Available data START

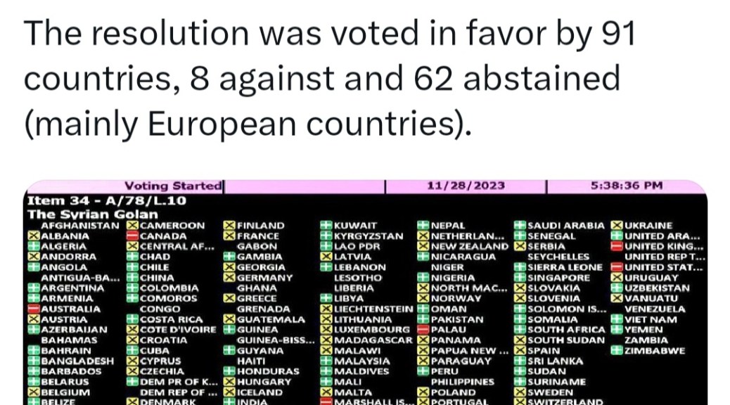 πŸ‡΅πŸ‡Έ UN ASSEMBLY CALLS ON ISRAEL TO WITHDRAW FROM ALL OCCUPIED TERRITORIES AND SYRIAN GOLAN HEIGHTS, AND RETURN TO PRE 67 BORDERS 91 VOTED IN FAVOUR , WHILST 8 (INCLUDING US, UK, ISRAEL) VOTED AGAINST AND 62 ABSTAINED πŸ‡΅πŸ‡Έ
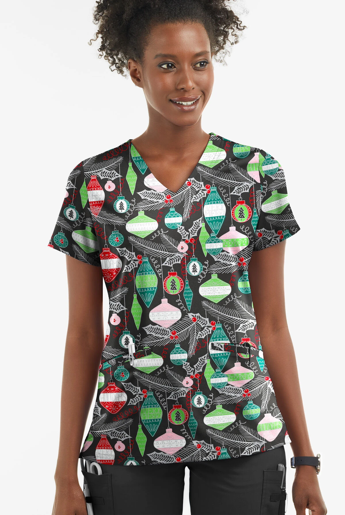 Sometimes it’s best to let the print do the talking—which is why we kept the design of this top clean and simple. It has a classic V-neck and two discreet welt pockets (angled for flattery). Bauble. What a fun word to say. And Christmas baubles on a black background are fun to look at.
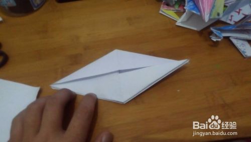 压折痕,压好后,取开,往下拉,根据印痕折好,就成双菱形了
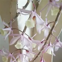 重唇石斛:茎下垂,圆柱形或有时从基部上方逐渐变粗,具少数至多数节。叶薄革质,狭长圆形或长圆状披针形。…
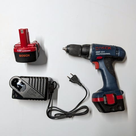 Bosch borrmaskin med 18V batteri. Med laddare batteri och låda
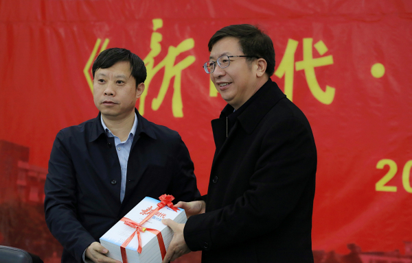 赠书仪式上,中宣部理论局副局长赵勇富、研究处副处长候军,人民出版社纪委书记王彤发表了讲话,介绍了撰写出版情况,提出了希望要求。赵勇富指出,《新时代面对面》作为“理论热点面对面”系列丛书的最新读本,主题鲜明,内容针对性强,该书以习近平新时代中国特色社会主义思想为指导,关注的问题紧密联系新时代中国特色社会主义生动实践,紧密联系干部群众思想实际,观点权威准确,语言通俗易懂,文风清新简洁,文字、图片、音频呈现出立体结构,使读本既增加了可读性,也体现了时代性,充满了凝聚社会共识、提升理论自信的智慧。他希望学校把读本的学习向深入推进,全面准确理解党的十九大精神,切实把思想和行动统一到党中央决策部署上来。
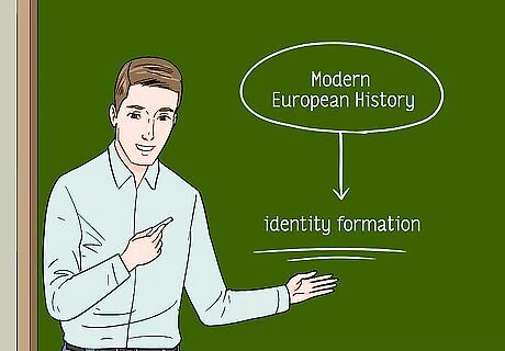 Select a few major themes to focus on. When developing your history class curriculum, pick just a few major themes and/or topics to focus on. Rather than trying to cover as much as possible, focus on ways you can foster useful skills. While you may have to adhere to some institutional requirements, it’s impossible for you to teach your students everything about your subject. By diving deeper into just a few themes or topics, students will have more opportunities to think critically about and understand the past. For example, if you are teaching modern European history for college students, one of the themes of the class could be identity formation. Then, you can discuss the ways in which major historical periods and events, such as the Reformation and World War II, both altered and informed how Europeans identified themselves over time. Instead of trying to cover everything on your topic, focusing on just a few topics or themes lets you clearly demonstrate historical causes and effects, as well as change over time.
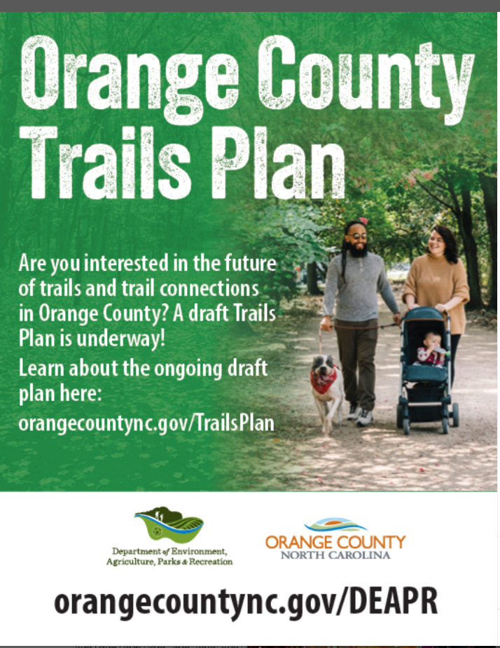The Orange County trails plan wants to improve connection throughout the county. "The plan is currently being developed through an analysis of existing conditions and trends, evaluation of existing plans and trail systems, outreach and engagement with community members, and other policies and initiatives." You can review it and give feedback on the website.
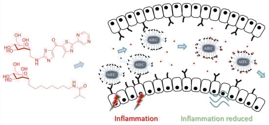 Illustration of the antiadhesive concept. Oral administration of Escherichia coli antiadhesives in Crohn′s disease mouse model was shown to lower the bacterial load in the gut and to reduce the inflammatory syndromes. AIEC: adherent-invasive E. coli.
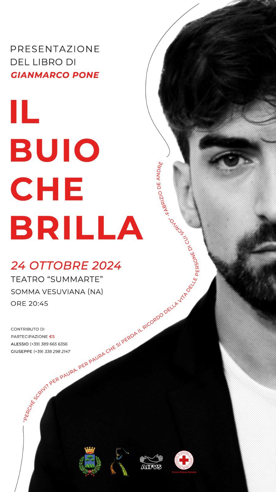 Giovedì 24 ottobre alle ore 20.45, presso il teatro Summarte di Somma Vesuviana, andrà in scena lo spettacolo “Il Buio che Brilla” organizzato dallo scrittore napoletano Gianmarco Pone, in collaborazione con Alessio Evangelista e Giuseppe Esposito, in una serata in cui l’autore presenterà il proprio libro dall’omonimo titolo.

Available data END

Repeat exactly the lines from the one containing "Illustration of the" through the last line of the records above, both included, and leave out the pictures.

 Illustration of the antiadhesive concept. Oral administration of Escherichia coli antiadhesives in Crohn′s disease mouse model was shown to lower the bacterial load in the gut and to reduce the inflammatory syndromes. AIEC: adherent-invasive E. coli.
 Giovedì 24 ottobre alle ore 20.45, presso il teatro Summarte di Somma Vesuviana, andrà in scena lo spettacolo “Il Buio che Brilla” organizzato dallo scrittore napoletano Gianmarco Pone, in collaborazione con Alessio Evangelista e Giuseppe Esposito, in una serata in cui l’autore presenterà il proprio libro dall’omonimo titolo.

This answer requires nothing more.